What version of Go are you using (go version
)?
$ go version go version devel +4091cf9 Sun Mar 31 23:35:35 2019 +0000 linux/amd64
Does this issue reproduce with the latest release?
Yes.
What did you do?
I compiled two functions that sum all the elements of a slice of bytes using "range" or using an index:
"Range" version:
func sumRange(slc []byte) byte {
res := byte(0)
for _, v := range slc {
res += v
}
return res
}
Index version:
func sumIndex(slc []byte) byte {
res := byte(0)
for i := 0; i < len(slc); i++ {
res += slc[i]
}
return res
}
What did you expect to see?
I expected both versions of the function to compile to the exact same code.
What did you see instead?
Instead, the looping part of the function is different, resulting in differences in performance:
"Range" version:
movblzx (CX)(DX*1), SI
incq DX
addl SI, BX
Index version:
leaq 1(DX), SI
movblzx (CX)(DX*1), DI
addl DI, BX
movq SI, DX
Comment From: mundaym
What is the performance difference?
Comment From: mariecurried
Using the following benchmark (https://play.golang.org/p/rCxWqmQXvq5), I get these numbers:
BenchmarkSumRange-8 3000 437643 ns/op
BenchmarkSumIndex-8 3000 482681 ns/op
So, using an explicit index seems to be slower than using "range".
Comment From: mariecurried
Something I noticed is that, if I write "sumRange" as follows, the difference disappears:
func sumRange(slc []byte) byte {
res := byte(0)
for i := range slc {
res += slc[i]
}
return res
}
Comment From: bradfitz
/cc @randall77 @josharian @cherrymui
Comment From: randall77
This appears to occur because of choices in the scheduler.
The inner loop in sumRange
schedules like this:
v19 (5) = MOVBloadidx1 <byte> v26 v10 v1 (v[byte])
v24 (+5) = ADDQconst <int> [1] v10
v21 (+6) = ADDL <byte> v30 v19 (res[byte])
The inner loop in sumIndex
schedules like this:
v27 (+13) = ADDQconst <int> [1] v11 (i[int])
v23 (+14) = MOVBloadidx1 <byte> v18 v11 v1
v24 (14) = ADDL <byte> v33 v23 (res[byte])
The schedule in sumIndex
is a problem because the ADDQconst
can't overwrite its argument, as the argument is not dead yet.

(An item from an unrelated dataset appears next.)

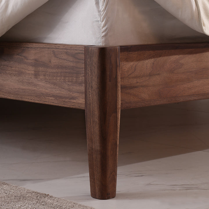 Elevate your bedroom with this Mid-Century Modern Bed, featuring a beautifully sculpted solid wood frame and a striking upholstered headboard. The headboard is designed with vertical channel tufting in a soft, neutral fabric, framed by a rounded walnut wood border with unique cut-out detailing along the top. This combination of rich wood grain and plush upholstery creates a look that is both timeless and inviting. The platform base and tapered legs offer sturdy support and classic mid-century appeal, while the minimalist silhouette ensures versatility for modern, Scandinavian, or transitional interiors. Perfect for those seeking a blend of comfort, durability, and iconic design.

So it has to target a different register and then get copied back.
This has been an issue for a while. I noted it in 2016: https://github.com/golang/go/issues/16122#issuecomment-227325317
Perhaps just a tweak to the scheduler is needed.
I'm unclear as to why the scheduler makes different choices here. Might just be how the values happened to be ordered on entry to the scheduler.
Comment From: mariecurried
No longer reproduces. Fixed in Go 1.21